MCT: methacholine challenge test.

b

Clinical improvement in response to anti-inflammatory medication.

Group membership (asthma-only vs. asthma-PD) was determined by administering the Anxiety Disorders Inter-view Schedule for DSM-IV, which is a semistructured diagnostic interview (29). Advanced graduate students, who received supervision from licensed clinical psychologists or psychiatrists, assessed PD and other psychiatric diseases for both groups using DSM-IV criteria. Asthma-PD patients were required to have an onset of PD at least 12 months prior to the testing session.

Exclusion criteria for both groups were 1) a history of emphysema or non-asthma respiratory disease, heart disease, stroke, neurological disorder, cancer, or organ transplant; 2) major depressive disorder that was clinician-rated as more severe than PD within the prior 12 months; 3) bipolar disorder, alcohol or substance dependence, or psychosis; 4) mental retardation; 5) inability to read English; and 6) pregnancy.

Procedure

Participants gave verbal and written informed consent. A single testing session was conducted in a laboratory and included spirometry and completion of questionnaires followed by clinical interviews. Bronchodilator responsiveness was assessed by spirometry in patients without a documented chart history of reversibility. Subjects received $25 for participation. The institutional review board of both institutions approved the study.

Measures

Health care use was assessed by a review of medical records from participants’ primary care providers and any asthma specialists visited during the past 12 months. The research staff was able to obtain all records. Chart review was conducted by one research assistant, who was blind to group membership (asthma-PD or asthma-only) and the study’s hypotheses. Progress notes that documented discussion of respiratory complaints (e.g., shortness of breath), decisions on asthma medications, or pulmonary function testing were coded as asthma visits. These three domains correspond to NHLBI recommendations concerning assessment of asthma severity (28). The primary measure of health care use was primary care office visits for asthma within the past 12 months. Secondary measures included tertiary care visits, emergency room (ER) visits, and hospitalizations for asthma.

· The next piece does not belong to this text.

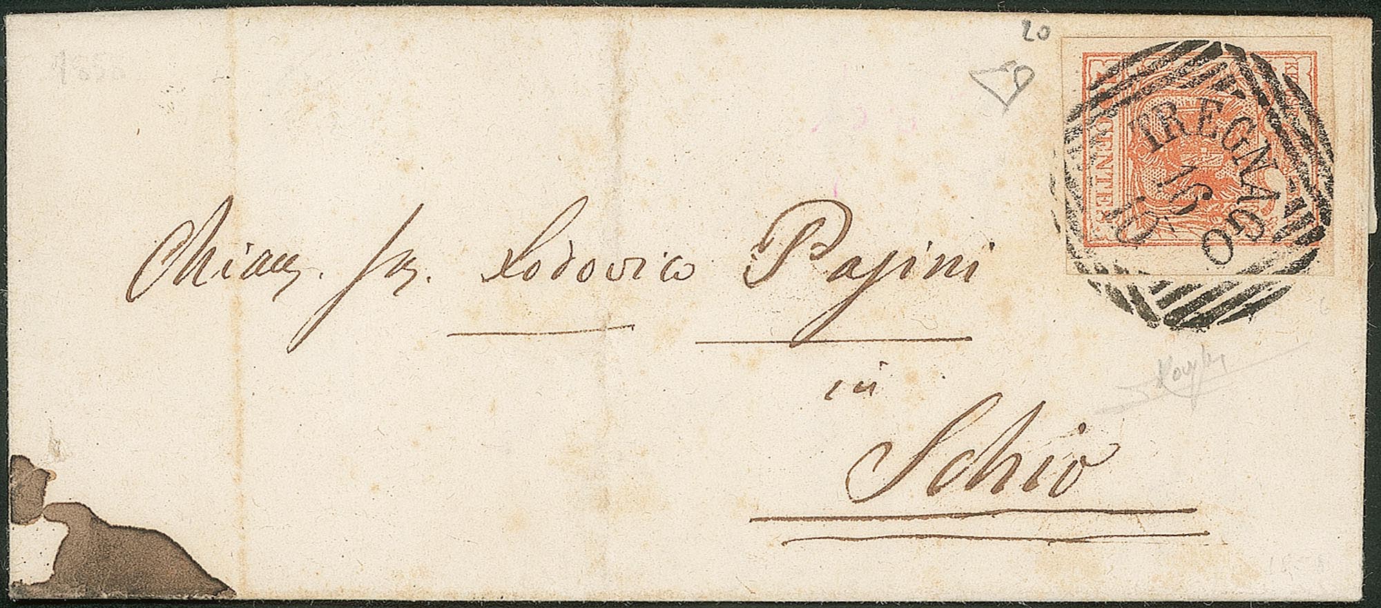 Antichi Stati Italiani - Lombardo Veneto - Annullamenti - Tregnago (linee orizzontali e verticali - P.ti 7)Lettera del 16.10 per Schio affrancata con 15 cent terzo tipo carta a macchina (20)

The Asthma Quality of Life Questionnaire (AQLQ) is a 32-item scale that was used to measure subjects’ perceived quality of life impairments related to asthma during the previous week (30).

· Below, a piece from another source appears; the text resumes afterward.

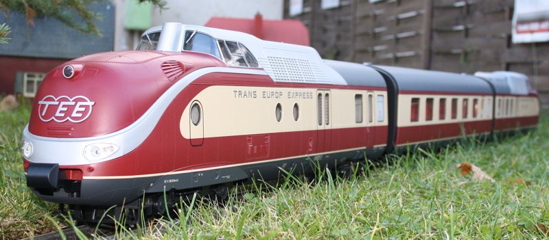 Formneuheit, 3-tlg.Triebwagen der DB in der Ep.III Ausführung, zwei angetriebene Triebköpfe und ein Abteilwagen bilden die Grundeinheit die mit den Ergänzungen #37640 Abteilwagen (andere Betriebsnummer) und #37641 Speisewagen erweitert werden kann, stromführende Spezialkupplungen, Lichtwechsel weiß/rot, der Zug kann mit Digital- und Sounddecoder und Innenbeleuchtung nachgerüstet werden, der Trieb…

Self-report data were collected on sociodemographic measures, including age, gender, race, health insurance, and marital status. Participants also reported the average number of days requiring use of short-acting β2-agonist medication during a typical week, cigarette smoking status during the past year, and age of onset for asthma and panic.

Asthma severity was classified according to NHLBI guidelines (28). Symptom severity was based on patients’ self-report of asthma symptoms and use of short-acting β2-agonists. In accordance with the guidelines, patients were placed into the most severe symptom category in which at least one criterion was met. Pulmonary function severity was based on percent predicted FEV1 collected on the day of the study. Spirometry testing was conducted in accordance with the American Thoracic Society’s guidelines (31). Participants were instructed not to use any asthma medications, caffeine or alcohol for 12 hours prior to spirometry. Medication class was determined by participants’ report of current medications that they were taking. The categories of ‘‘mild intermittent’’ and ‘‘mild persistent’’ were merged into a single class across the three domains of asthma severity (symptoms, pulmonary function and medications).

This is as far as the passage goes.